### ASSIGNED TASK
This task calls for the lines below starting at the one containing "而如果台北市长柯文哲参选,和" and ending at the one containing "깊은 다이닝 카 트레이", repeated exactly with both ends kept and pictures left out.

### PROVIDED MATERIAL
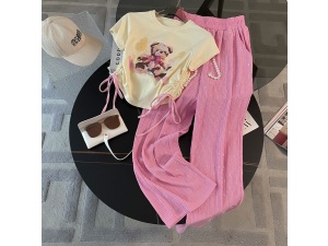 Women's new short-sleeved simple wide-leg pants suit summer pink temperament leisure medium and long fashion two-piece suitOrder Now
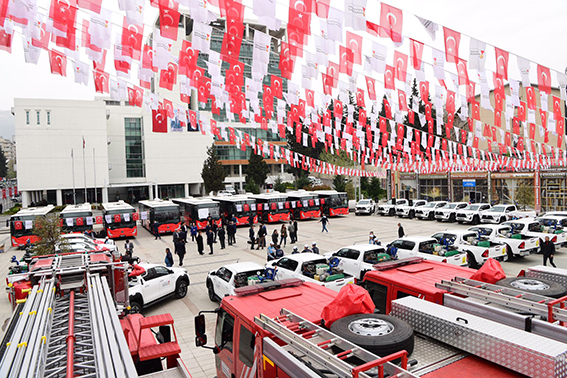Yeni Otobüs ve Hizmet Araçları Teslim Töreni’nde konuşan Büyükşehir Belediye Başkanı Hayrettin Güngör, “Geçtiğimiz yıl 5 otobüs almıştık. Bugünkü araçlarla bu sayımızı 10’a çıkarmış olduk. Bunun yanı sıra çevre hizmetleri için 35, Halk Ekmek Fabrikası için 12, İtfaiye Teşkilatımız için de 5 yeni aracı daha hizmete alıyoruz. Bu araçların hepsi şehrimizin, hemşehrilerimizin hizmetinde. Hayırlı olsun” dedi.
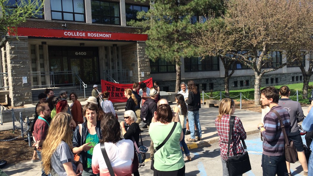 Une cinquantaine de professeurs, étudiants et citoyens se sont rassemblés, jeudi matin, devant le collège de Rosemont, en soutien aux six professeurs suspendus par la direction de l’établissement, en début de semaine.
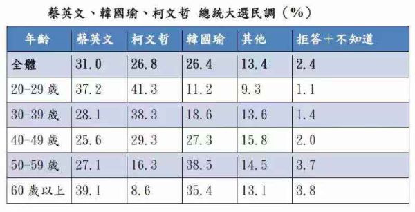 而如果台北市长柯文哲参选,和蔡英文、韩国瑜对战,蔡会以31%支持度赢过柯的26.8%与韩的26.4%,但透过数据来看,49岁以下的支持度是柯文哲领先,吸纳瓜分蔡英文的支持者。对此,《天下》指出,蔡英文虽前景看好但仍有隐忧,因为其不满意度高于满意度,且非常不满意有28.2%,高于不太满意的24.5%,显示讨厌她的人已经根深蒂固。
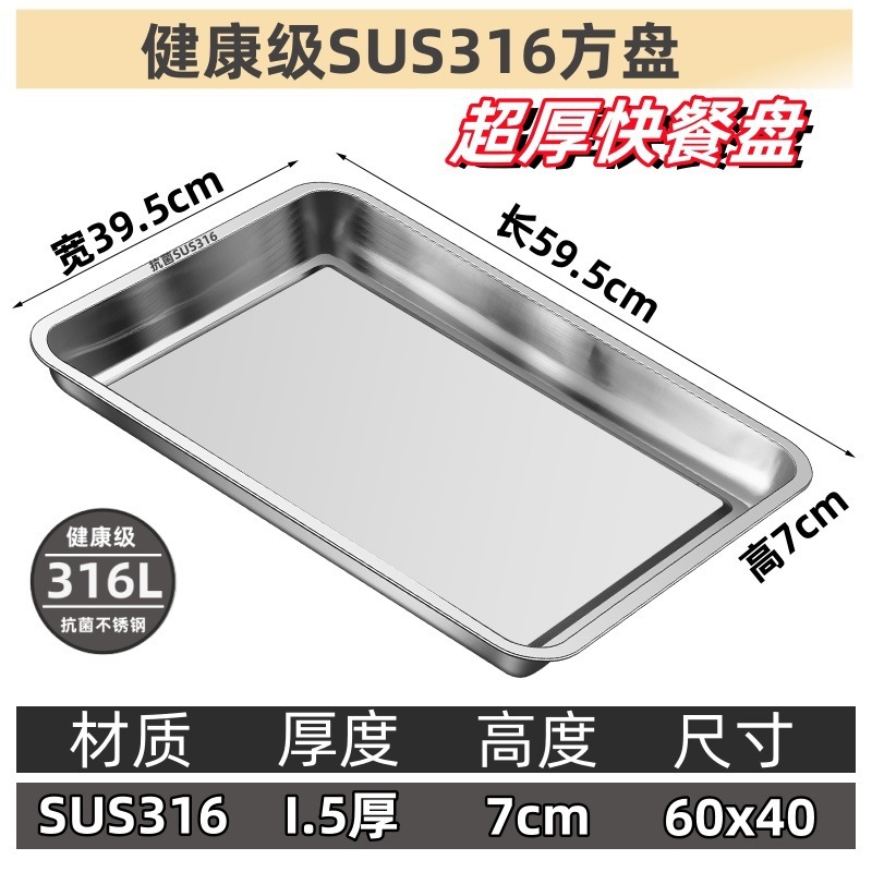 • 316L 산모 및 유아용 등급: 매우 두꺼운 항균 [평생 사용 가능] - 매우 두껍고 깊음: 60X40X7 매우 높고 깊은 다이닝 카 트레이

...

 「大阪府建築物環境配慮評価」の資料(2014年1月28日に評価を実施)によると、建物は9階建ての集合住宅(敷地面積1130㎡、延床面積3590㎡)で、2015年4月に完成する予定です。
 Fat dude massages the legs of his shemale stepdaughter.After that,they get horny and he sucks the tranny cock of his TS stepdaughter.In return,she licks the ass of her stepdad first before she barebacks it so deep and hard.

### TASK ANSWER
 而如果台北市长柯文哲参选,和蔡英文、韩国瑜对战,蔡会以31%支持度赢过柯的26.8%与韩的26.4%,但透过数据来看,49岁以下的支持度是柯文哲领先,吸纳瓜分蔡英文的支持者。对此,《天下》指出,蔡英文虽前景看好但仍有隐忧,因为其不满意度高于满意度,且非常不满意有28.2%,高于不太满意的24.5%,显示讨厌她的人已经根深蒂固。
 • 316L 산모 및 유아용 등급: 매우 두꺼운 항균 [평생 사용 가능] - 매우 두껍고 깊음: 60X40X7 매우 높고 깊은 다이닝 카 트레이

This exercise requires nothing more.